### Task details:
If the records below hold pictures, omit them, and print exactly the lines from the first line through the line containing "Mサイズの体のアウトラインに", inclusive.

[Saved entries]
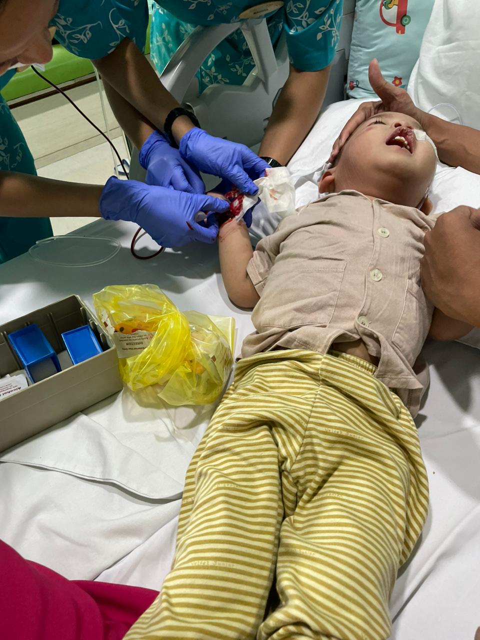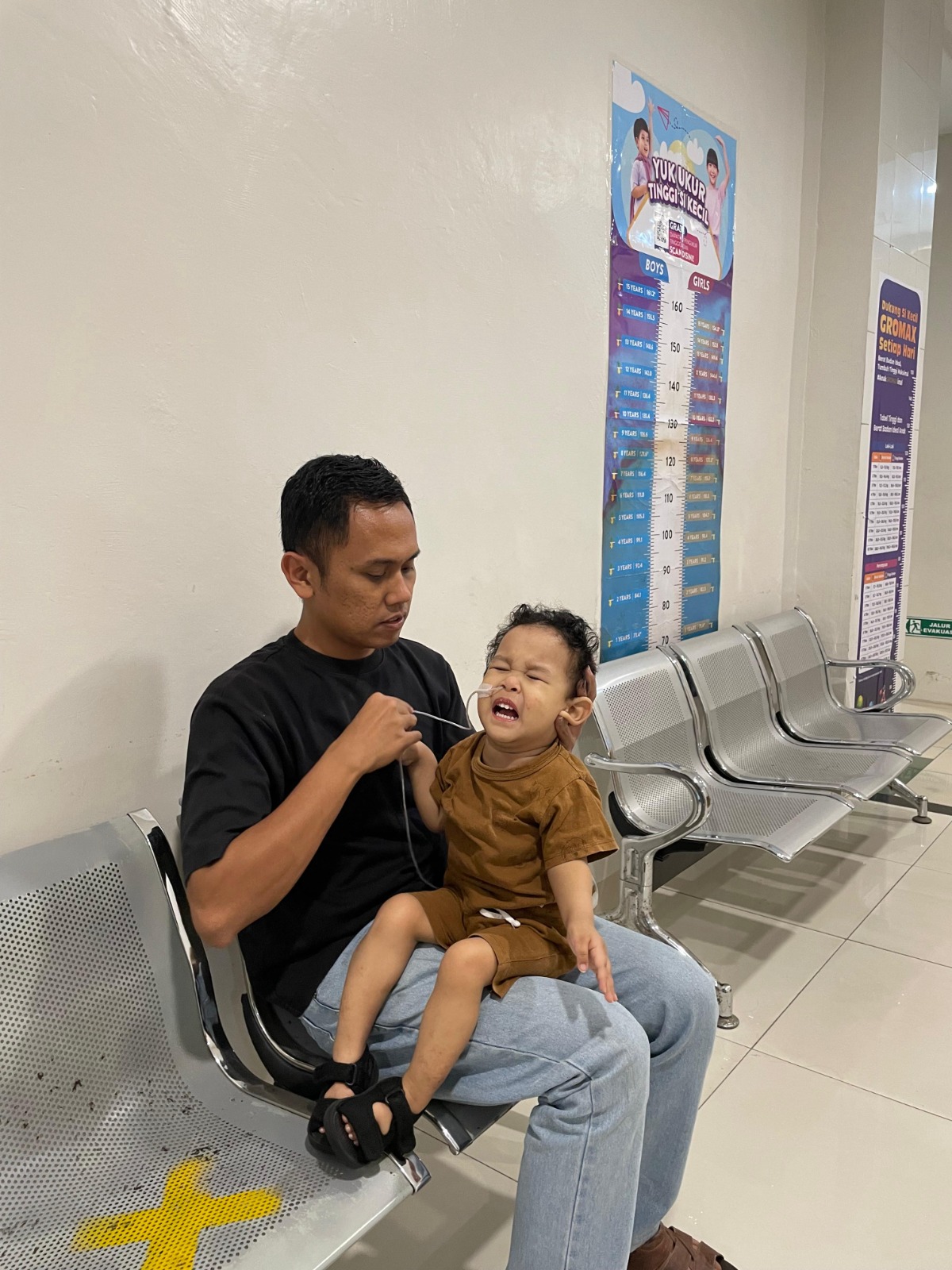 Dokter mengatakan anakku mengalami dehidrasi dan infeksi paru-paru. Ia harus menggunakan alat medis karena sempat henti napas secara tiba-tiba. Dua minggu berlalu di ruang perawatan, anakku masih tetap tak membuka matanya.Tapi ketika dicubit, Ia tetap merespon meski lambat, tanda Ia masih berjuang.
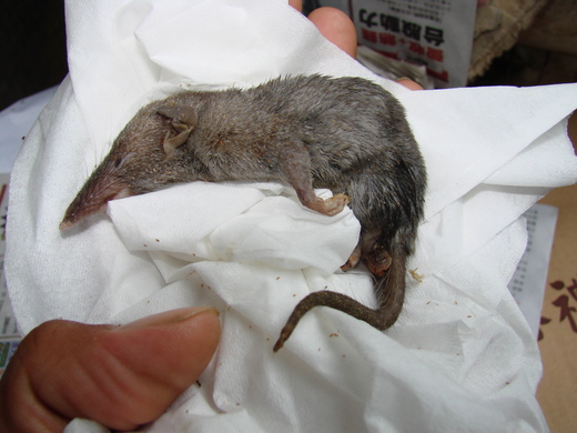 只見一個大貓嘴裏叨了個小錢鼠,
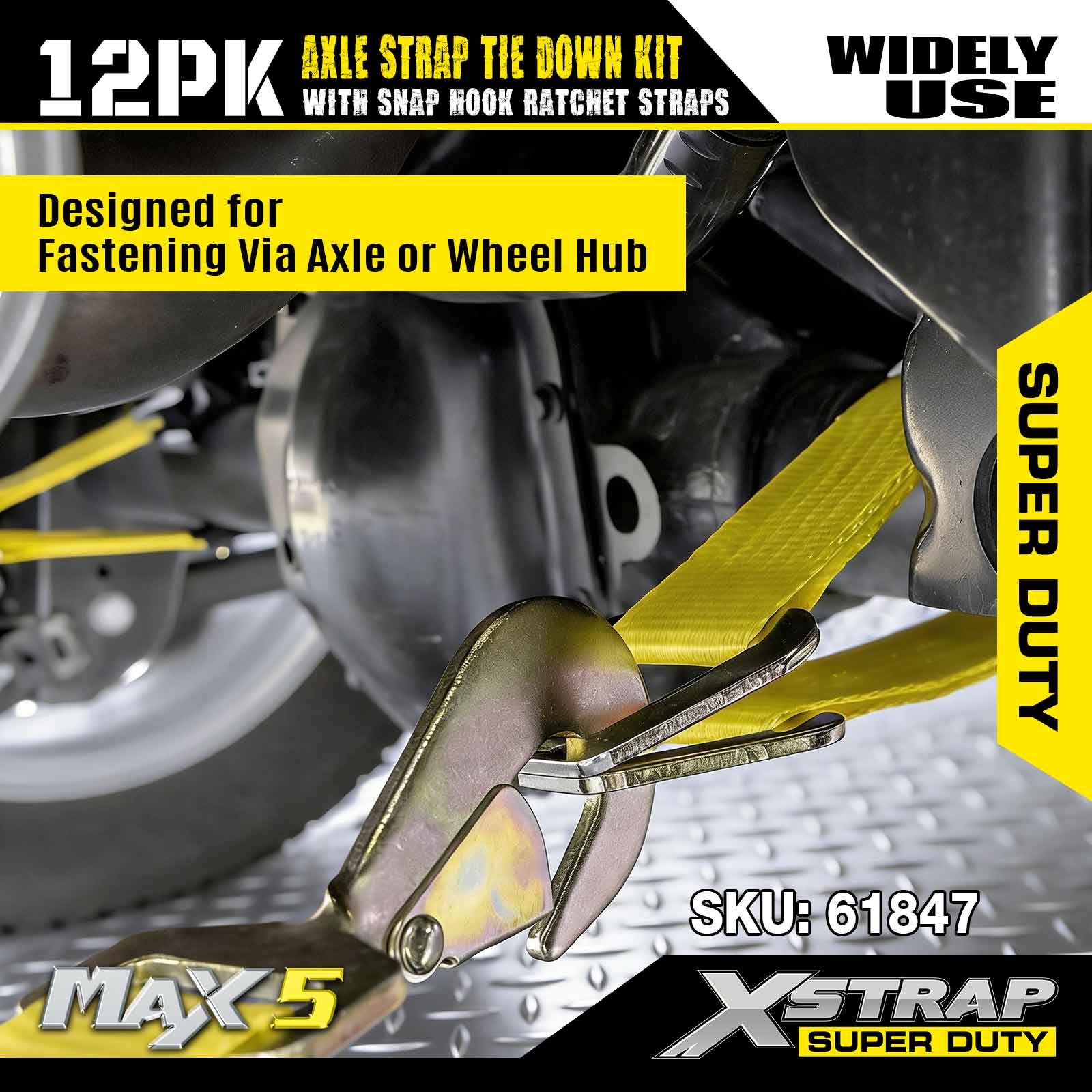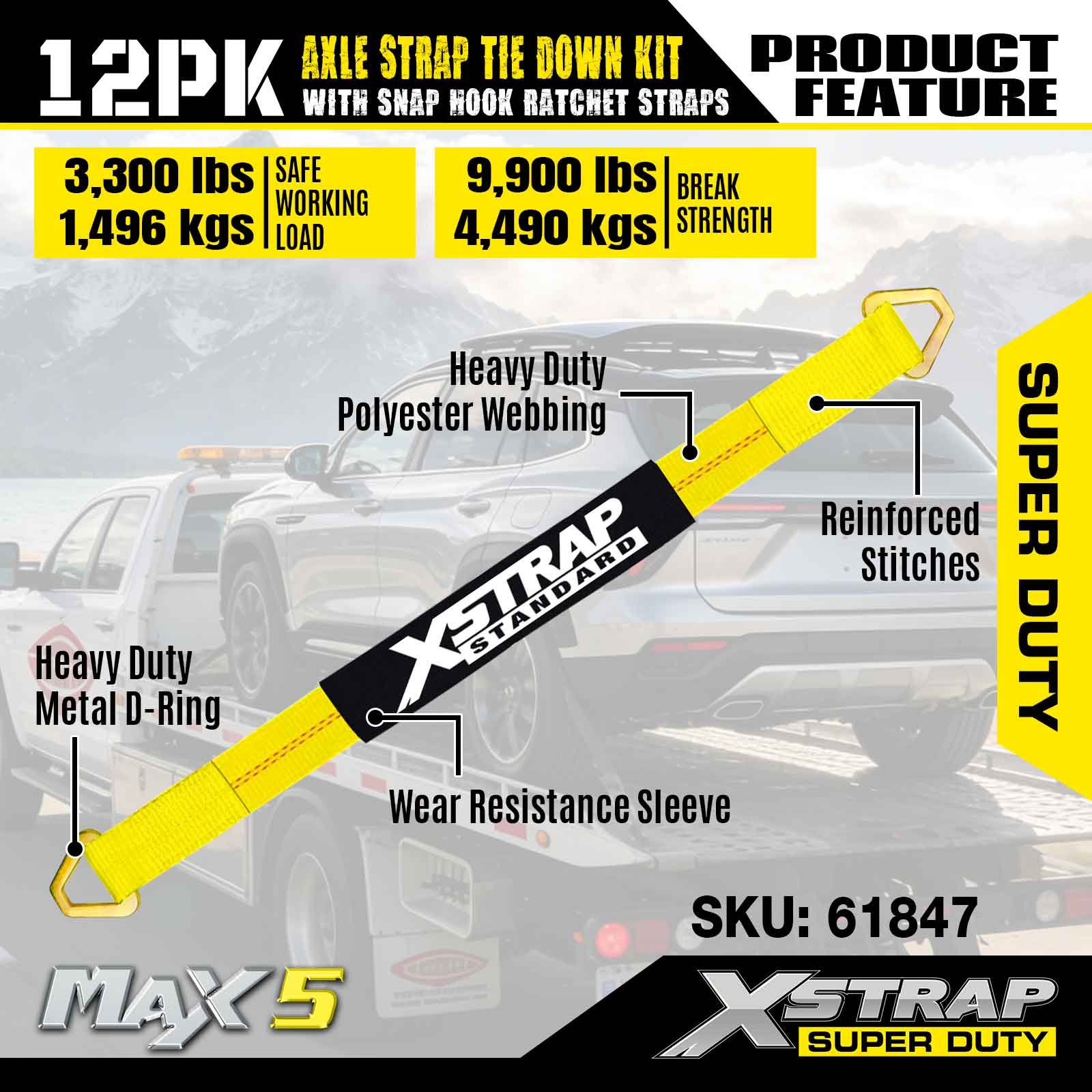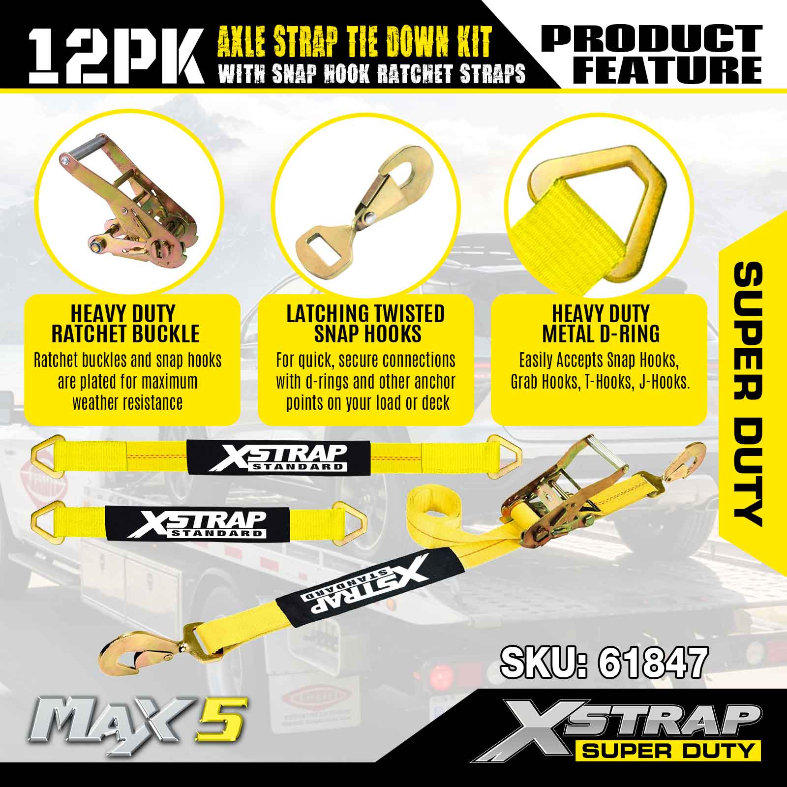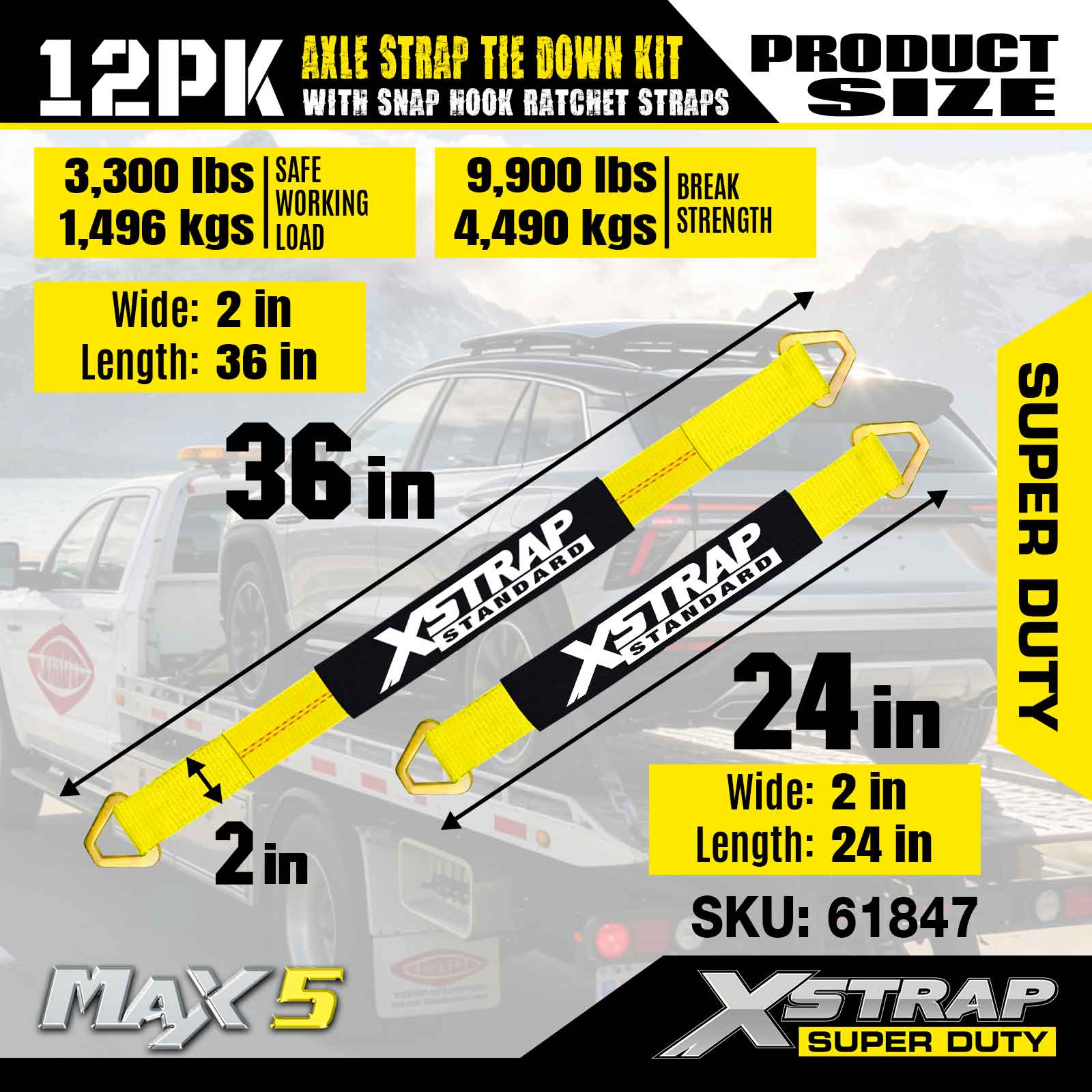 Xstrap 12PK Axle Strap Tie Down Kit (na may Snap Hook Ratchet Straps) – Super Duty. Mayroon itong ligtas na working load na 3,300LBS (1,496KGs) at breaking strength na 10,000LBS (4,490KGs).
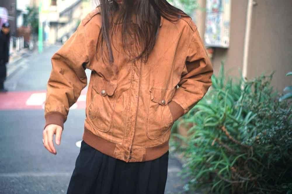 Mサイズの体のアウトラインに沿うように馴染み綺麗なシルエット、ミリタリーのA-2ジャケットとは一線を画する上品さが伺えるユーティリティ性の高い一着。
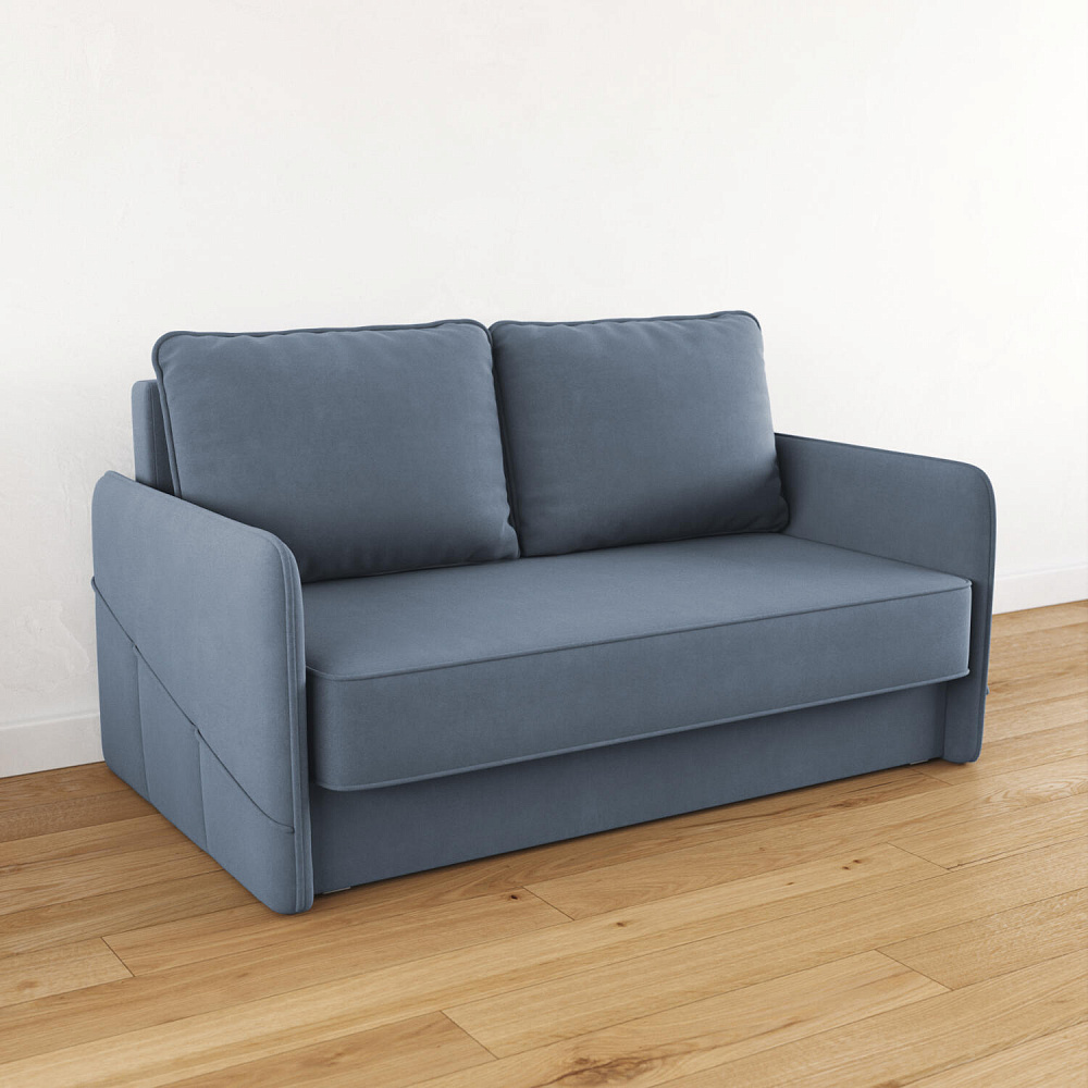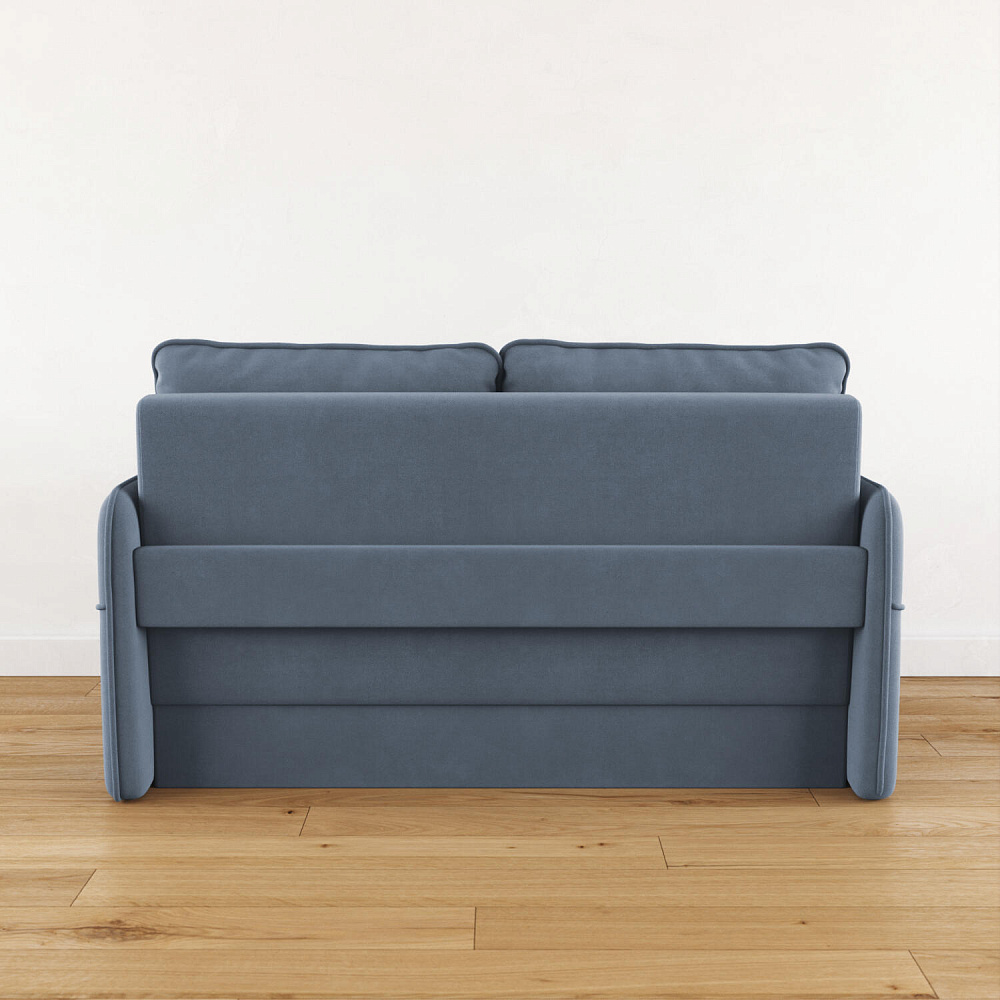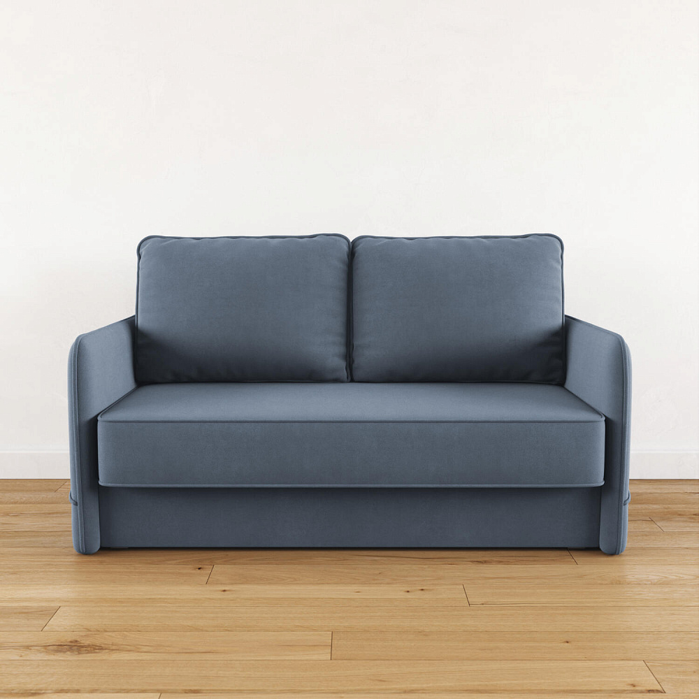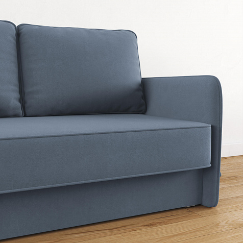 Двухместный диван «Симпл» с узкими подлокотниками станет стильным акцентом в современной гостиной или кухне. Кант на обивке из мягкого велюра придаёт дизайну завершённый вид, подчёркивает скруглённую форму углов. Механизм трансформации обеспечивает комфортное и ровное спальное место. Спинка дивана выполнена в основной обивочной ткани, что даёт возможность использовать диван для зонирования комнаты.

### Response to this exercise:
 Dokter mengatakan anakku mengalami dehidrasi dan infeksi paru-paru. Ia harus menggunakan alat medis karena sempat henti napas secara tiba-tiba. Dua minggu berlalu di ruang perawatan, anakku masih tetap tak membuka matanya.Tapi ketika dicubit, Ia tetap merespon meski lambat, tanda Ia masih berjuang.
 只見一個大貓嘴裏叨了個小錢鼠,
 Xstrap 12PK Axle Strap Tie Down Kit (na may Snap Hook Ratchet Straps) – Super Duty. Mayroon itong ligtas na working load na 3,300LBS (1,496KGs) at breaking strength na 10,000LBS (4,490KGs).
 Mサイズの体のアウトラインに沿うように馴染み綺麗なシルエット、ミリタリーのA-2ジャケットとは一線を画する上品さが伺えるユーティリティ性の高い一着。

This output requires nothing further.